The Digital Counter
The digital computer was first on the scene and it appears now that it will outnumber and perhaps outlive its analog relative. A simple computer of this type is as old as man, though it is doubtful that it has been in use that long. Proof of this claim to its pioneering are the words digit and calculi, for finger and pebbles, respectively. We counted “how many” before we measured “how large,” and the old Romans tallied on fingers until they ran out and then supplemented with pebbles.
Perhaps the first computations more complex than simple counting of wives or flocks came about when some wag found that he could ascertain the number of sheep by counting legs and dividing by four. When it was learned that the thing worked both ways and that the number of pickled pigs feet was four times the number of pigs processed, arithmetic was born. The important difference between analog and digital, of course, is that the latter is a means of counting, a dealing with discrete numbers rather than measuring.
This kind of computation was taxed sorely when such things as fractions and relationships like pi came along, but even then man has managed to continue dealing with numbers themselves rather than quantity. Just as the slide rule is a handy symbol for the analog computer, the abacus serves us nicely to illustrate the digital type, and some schools make a practice of teaching simple arithmetic to youngsters in this manner.

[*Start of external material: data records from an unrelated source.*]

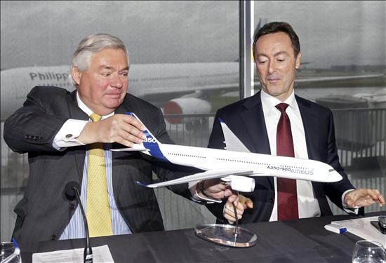 El jefe comercial de Airbus, John Leahy, y el presidente de Airbus, Fabrice Brégier. EFE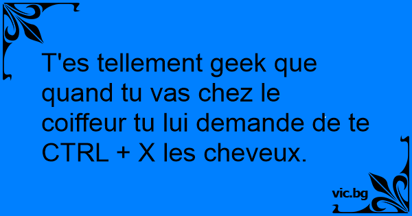 T'es tellement geek que quand tu vas chez le coiffeur tu lui demande de te CTRL + X les cheveux.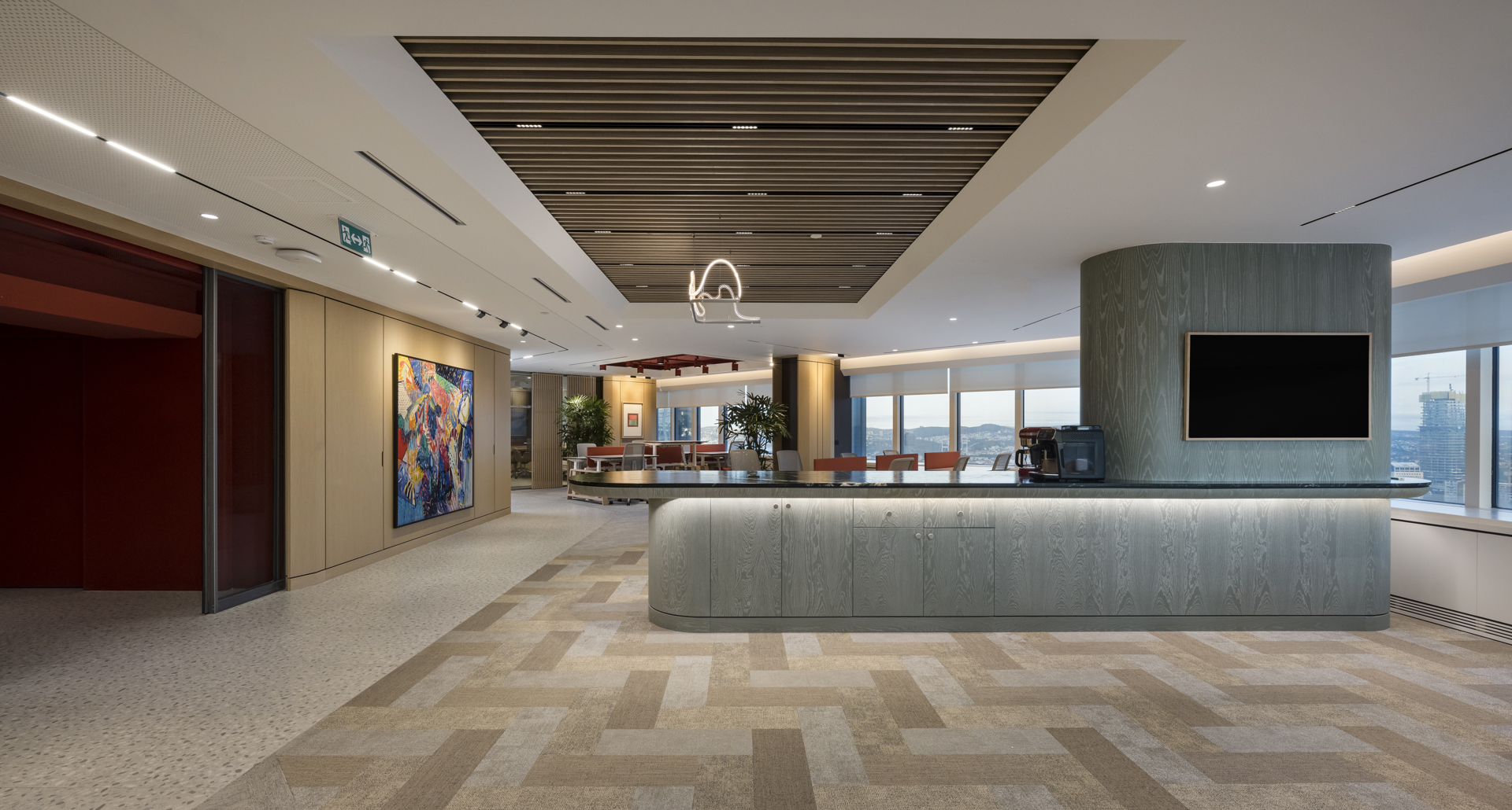 In het Akbank-hoofdkantoor vertaalt zich dat in een vloersysteem dat zowel richting geeft als samenhang creëert. Daarnaast draagt de vloerafwerking bij aan de akoestische kwaliteit van de werkomgeving, wat essentieel is in een gebouw met een hoge dagelijkse bezetting.

Our chapter on the history of the computer touched on early efforts in the digital field, though no stress was laid on the distinction between types. We might review a bit, and pick out which of the mechanical calculating devices were actually digital. The first obviously was the abacus. It was also the only one for a long time. Having discovered the principle of analogy, man leaned in that direction for many centuries, and clocks, celestial simulators, and other devices were analog in nature. Purists point out that even the counting machines of Pascal and Leibnitz were analog computers, since they dealt with the turning of shafts and gears rather than the manipulation of digits. The same reasoning has caused some debate about Babbage’s great machines in the 1800’s, although they are generally considered a digital approach to problem-solving. Perhaps logicians had as much as anyone to do with the increasing popularity of the digital trend when they pointed out the advantages of a binary or two-valued system.
With the completion in 1946 by Eckert and Mauchly of the electronic marvel they dubbed ENIAC, the modern digital computer had arrived and the floodgates were opened for the thousands of descendants that have followed. For every analog computer now being built there are dozens or perhaps hundreds of digital types. Such popularity must be deserved, so let us examine the creature in an attempt to find the reason.
Courtesy of the National Science Foundation
The computer family tree. Its remarkable growth began with government-supported research, continued in the universities; and the current generation was developed primarily in private industry.
We said that by its nature the analog device tended to be a special-purpose computer. The digital computer, perhaps because its basic operation is so childishly simple, is best suited for general-purpose work. It is simple, consisting essentially of switches that are either on or off. Yet Leibnitz found beauty in that simplicity, and even the explanation of the universe. Proper interconnection of sufficient on-off switches makes possible the most flexible of all computers—man’s brain. By the same token, man-made computers of the digital type can do a wider variety of jobs than can the analog which seemingly is more sophisticated.
A second great virtue of the digital machine is its accuracy. Even a trial machine of Babbage had a 5-place accuracy. This is an error of only one part in ten thousand, achievable in the analog at great expense. This was of course only a preliminary model, and the English inventor planned 20-place accuracy in his dream computer. Present electronic digital computers offer 10-place accuracy as commonplace, a precision impossible of achievement in the analog.